Let me give you my best James Carville impression:

What, what...what are the odds...after eight years of George W. Bush runnin' this country into the ground, guttin' the environment and gettin' Vietnamed out of Iraq...what are the odds that a Republican, any Republican, I don't care if it's John McCain, Jebbie Bush or even The Terminator himself's gonna be President of the United States?...I say just about zero. That means, if George W. Bush is re-elected, the next Democratic nominee is gonna be President of the United States. I say that nominee's gonna be Hillary Clinton. That's right, you heard me right. If George W. Bush is the price America has to pay to get its first woman President, and Hillary is the price Republicans will have to pay for giving America four more years of George W. Bush's own peculiar brand of failure, then who should be more horrified?

George Bush energizes more people to become new Democrats than John Kerry could ever dream of. If Saddam Hussein in America's Tar Baby, then the re-election of George W. Bush is likely the Democrats' Briar Patch.

If the Democrats should be worried about four more years of George W. Bush, then the Republicans should be afraid...they should be very afraid of what will follow if they fail to reign in Bush's policies and win the war they started in Iraq.

Yes, four more years of George Bush will likely be both a disaster for the country and an offense to the sensibilities of any good Democrat, but the first woman president in US history, that's a sea change.
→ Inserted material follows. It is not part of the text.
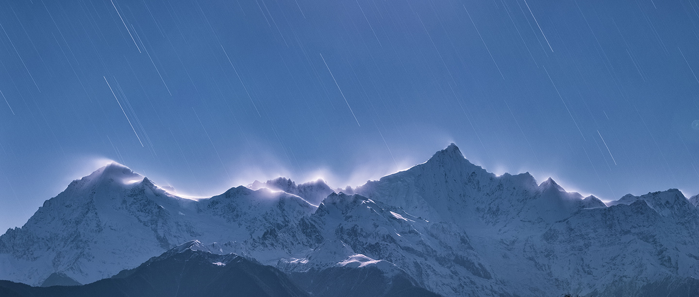 Star Track in Kawakarpo- The stars beam down on to the Meili Snow Mountains, also known as the Prince Snow Mountains – the highest peaks in the Yunnan Province, China. It is world-renowned for its beauty and is one of the most sacred mountains in Tibetan Buddhism. The moonlight striking the top of the mountains appears to give them an ethereal quality. DeQin, Yunnan Province, China (© Zhong Wu)

Hillary Rodham Clinton as that woman with her husband Bill along for the ride: That's a bitter pill to swallow for such a swaggering bunch as the Republicans have been.

If it happens, America will likely remember less the shock and fear of Bush's reign, and more the comfort and relief that followed a clever escape by descending into the very dark thorny place that is four more years of the kind of bumbling incompetance, lies, diviseveness and extremism that is the Republican Party in its present form. Home will be the White House that arises as the Republican party imaples itself on the very thorns they created: disaster in Iraq; a horrible economic record; a weakened environment, etc.

So these days, when I talk with my mother and she speaks despairingly of four more years of George W. Bush, I remind her that we've just been thrown into the briar patch and that Hillary is just around the corner. When she reminds me that I always cried when she read that story, I tell her: Yeah, and I may cry through the next four years, too, but the story always turned out good in the end, and I'm hoping for similarly fond memories to linger long after the trauma of the Bush era has subsided.

"I hope you're right," is all she can say. I hope so, too.